Let me begin by saying I am a Royals fan. I was raised Royal. Forever Royal. Old enough to remember some of the team’s less fortunate marketing catchphrases, such as “We’re in the big league now.” But I am also a specialist in the commercial construction industry, and I’d like to weigh in on the possibility of a downtown baseball stadium raised by Royals primary owner John Sherman at a press conference on Sept. 14.

Sherman said that the team is listening to the community and will “evaluate our options.” So, I’d like to propose an alternative for consideration: Keep Kauffman Stadium and build green infrastructure instead, including a fast light rail system from downtown to the Truman Sports Complex.

With this idea, we can construct station stops across our beautiful city that can double as a commuter train for our residents. There could be an express line for both Royals and Chiefs games.

Ever since this idea of a downtown stadium has been circulating, it’s filled me with such disappointment because of its lack of imagination. I get it as a baseball fan. There are some enviable parks out there with some really pretty views past the scoreboard. But I’m not just a fan of the game. I’m a true-blue Royals fan. And Kauffman Stadium, though older, is still shiny from its renovation. And it consistently gets kudos as one of the most beautiful stadiums in the major leagues. In other words, it’s not broken, so why fix it?

I also dread the idea of all the problems that would come with a downtown field of dreams: higher ticket prices, a nightmare parking issue and the thought of all that money going to something that is truly optional while our city could be upgraded so well by creating much needed infrastructure. (And bye-bye to the Kauffman Stadium name, and hello to something awful and commercial like Chicago’s Guaranteed Rate Field.)

This could be a first route of a much better public transportation system that would be a step toward linking our many diverse communities. Our city’s East Side is as much a part of our beautiful city as our thoroughly trafficked Westside, Country Club Plaza, Waldo, Brookside and other popular destinations. I think of the route that a light rail line could travel through, and the stops it could make close to the 18th & Vine Jazz District, Van Brunt and Emanuel Cleaver II Boulevard. Infrastructure could be built around the stops, adding vitality to more neighborhoods.

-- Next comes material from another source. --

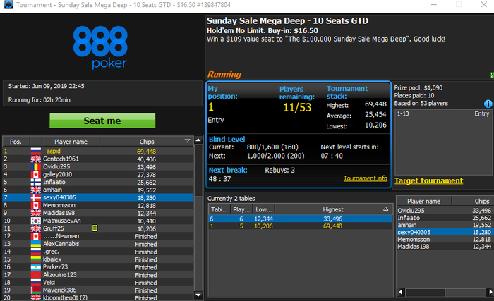 Цена распиздяйства. Мейн, бабл. Сидим пересиживаем. Тянем время до последней секунды, но карточки тайм-банка в ход не идут, ждём, когда Сергей Нарожный (турнирный директор), объявит: "Поздравляю, все в призах!". Я с оппом вдвоём в раздаче, у меня трипс. Набираю фишечек, чтоб поставить процентов 70 от пота, дабы опп отвалился, но тут дилер говорит: "У Вас пас, время вышло!" и кладет тёрн. Я аж ох...л. Опп видит карту тёрна и сразу лидит, я повышаю, он алл ин и я колл... Что тут главное, эту раздачу я проиграл , а вместе с нею и половину своего стека, который был весьма увесистый. Так вот, к чему я всё это, играть финальную фазу турнира надо особенно сконцентрированно, а я вот расслабился и облажался. Вместо того, чтобы играть финальный стол, остался лишь 17... Если непонятка какая лучше позвать флора, потому как в этой раздаче дилер отвлекался и болтал много с игроками, игру не вёл. Это я пишу для информации тем, кто ещё не бывал в таких ситуациях. Дилеры вообще ОЧЕНЬ много ошибаются, надо самим считать и банки, и побочные банки и тд и тп. А вот таким был мой стек на бабле, при среднем 250К...
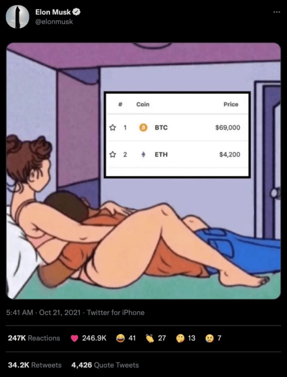 Elon Musk'dan olay tweet ! Ünlü milyarder sabahın erken saatlerinde, Twitter’a gitti ve dikkat çeken bir paylaşım yaptı. Musk, yataklarından Bitcoin (BTC) ve Ethereum (ETH) fiyatlarına bakan bir çiftin resmini yayınlayarak en büyük iki madeni parayı biraz daha yükseğe itti.

For decades, I have been all over this town seeing so many parts that could be a whole. Kansas City, like much of the rest of the United States, needs to recognize that we are perhaps entering a new era where we can’t coast on TIFs that are solely based on entertainment and tourism. We also have to support the people who supply so much of the labor in our city center’s well-heeled attractions.

I implore our city’s leadership to use some vision to create new infrastructure that could sprinkle more prosperity on some parts of our city that have been relatively neglected for decades. Wouldn’t a city rooted in equity and expansive light rail be a nice place to call home? The best cities in the world have modern public transportation systems. Such a plan could raise our Midwestern “Paris of the Plains” profile to national prominence, while also filling more seats in our current baseball stadium.

Let’s keep the Truman Sports Complex whole as a unique testament to Kansas Citians’ love of professional sports. I’ll maintain it would be a win-win as we’ll get to keep our beautiful K and also promote job creation, city modernization — and the start of erasing our dividing lines that have plagued this town for too long.

Mary English is a sustainable construction professional working at a leading regional nonprofit focused on reducing energy use in our buildings and transportation.